If it’s been in the fridge for a while or overnight, you will be able to spoon off the hardened fat with a spoon. If you have a separator, you can pour off the juice, leaving the fat behind.
To thicken the gravy, we will make a roux (pronounced “roo”). See, learning to cook means learning French, too. Flour cooked in hot fat or oil will be very flavorful, not lumpy, and will thicken a sauce or gravy.
To make the roux, heat the fat in a saucepan, and add butter if necessary to make a total of about three tablespoons. Stir in the flour, dissolving the lumps and cooking it until it gets a toasty brown color. Now add the gravy, stirring constantly, until you have incorporated it into the roux. Now you should have a gradually thickening gravy, ready for final seasoning with salt and pepper if needed.

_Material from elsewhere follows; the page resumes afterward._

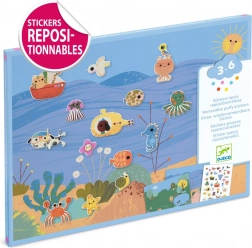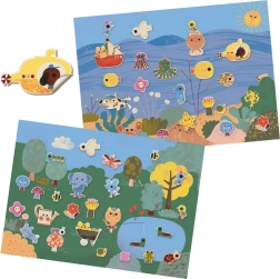 Questo set creativo offre due sfondi illustrati, il mondo sottomarino e la foresta con stagno, e un foglio di adorabili adesivi con pesciolini, un granchio, un sottomarino, una barchetta, animaletti del bosco e altri motivi. I bambini possono spostare liberamente gli adesivi e inventare sempre nuove storie.

If you’re cooking chicken, you can do the same thing with the chicken parts. I describe that on the fried chicken page.
What if you need gravy to go with your mashed potatoes or meatloaf, or some other dish (like soft bread!)? Just mince the vegetables into smaller pieces, sauté them in butter for five or six minutes, and add the flour. Then add the wine (if you want) and the chicken and beef broth, stirring constantly as the mixture thickens. Add the thyme and bay leaves, simmer for half an hour, and strain the gravy when done.